Segundo os relatos históricos, Lampião parecia mesmo ter escolhido Poço Redondo como uma segunda casa sua. A primeira era a caatinga, com varanda de xiquexique e assento de mandacaru. Mas a família era grande, era muita, espalhada por todos os sertões nordestinos. E em Poço Redondo mantinha amigos fiéis, tinha acolhida, comida à mesa, tudo o que precisasse. E também a simpatia de tantos jovens que decidiram entrar para o seu bando.

Num misto de temor e reverência, aliado ao fato de que o homem sempre estava por ali desafiando as volantes, verdade é que mais de trinta filhos de Poço Redondo seguiram a trilha do bando de Lampião. Mocinhas muitas novinhas, ainda na adolescência, se encantavam com aqueles “artistas” das caatingas e seguiam seus destinos de amor cangaceiro. Assim foi com Adília, Sila, Enedina, Rosinha e outras. Dentre os meninos de Poço Redondo estavam, por exemplo, Cajazeira, Canário, Elétrico, Mergulho, Novo Tempo e Zabelê.
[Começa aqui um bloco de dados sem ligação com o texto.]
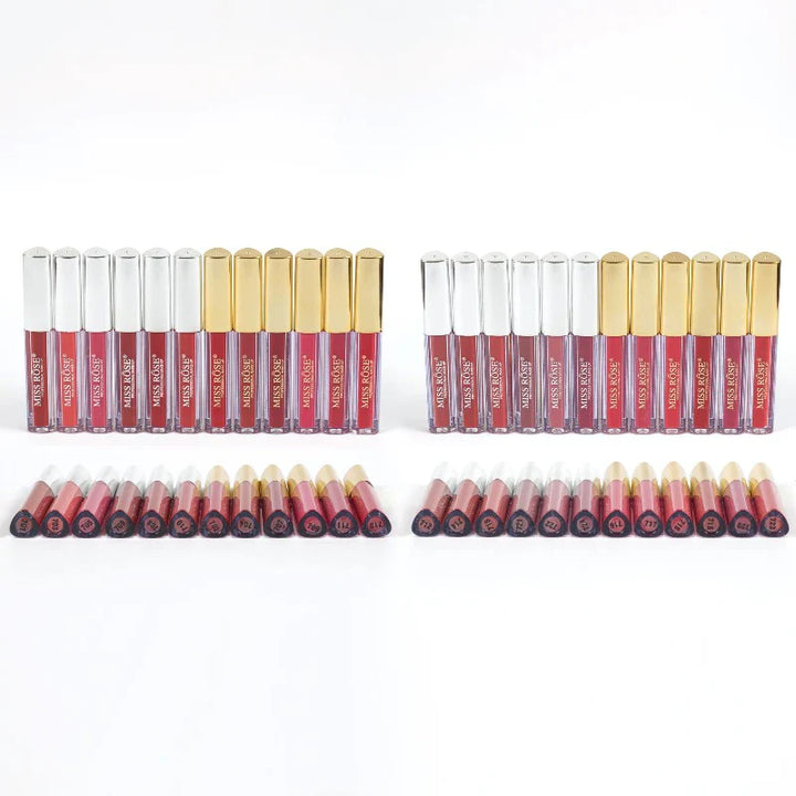 Crafted with precision and passion, our Matte Finish Lip Gloss glides effortlessly onto your lips, enveloping them in rich, vibrant color that refuses to budge. Whether you're sipping coffee, conquering meetings, or dancing the night away, rest assured your lip color will stay put, thanks to its transfer-proof and waterproof properties.

Os alfarrábios da história assinalam que os seguintes filhos de Poço Redondo seguiram Lampião e seu bando, segundo seus apelidos e nomes:

Homens: Sabiá (João Preto), Canário (Rocha), Diferente (Nascimento), Zabelê (Manoel Marques da Silva), Delicado (João Mulatinho), Demudado (Zé Neco), Coidado (Augusto), Cajazeira (João Francisco do Nascimento – Zé de Julião), Novo Tempo (Du), Mergulhão (Gumercindo), Marinheiro (Antonio), Elétrico, Penedinho (Teodomiro), Bom de Vera (Luis Caibreiro), Beija Flor (Alfredo Quirino), Moeda (João), Alecrim (Zé Rosa), Sabonete (Manoel), Borboleta (João Rosa), Quina-Quina (Jonas), Ponto Fino (José da Guia), Zumbi (Angelino), Cravo Roxo (Serapião), Cajarana (Francisco Inácio dos Santos – Chico Inácio) e Azulão (Luis Maurício da Silva). Um total de 25 cangaceiros.

Mulheres: Sila (mulher de Zé Sereno e irmã de Novo Tempo, Mergulhão e Marinheiro), Adília (mulher de Canário e irmã de Delicado), Enedina (mulher de Cajazeira, o Zé de Julião), Dinda (mulher de Delicado), Rosinha (mulher de Mariano), Áurea (mulher de Mané Moreno) e Adelaide (mulher de Criança, irmã de Rosinha e prima de Áurea). Um total de 7 mulheres.

Como demonstrado - e apenas em alguns fatos -, Poço Redondo teve uma participação singular na vida do cangaço. Foi estrada, casa e leito de morte de Lampião. Foi de onde se arregimentou uma juventude para uma luta inglória. Foi de onde Durval silenciou acerca de tudo o que sabia sobre seu irmão Pedro de Cândido e a suposta traição. E também de onde Alcino Alves Costa tudo contou para o mundo. E como gostaria de ter conhecido o seu tio Zabelê.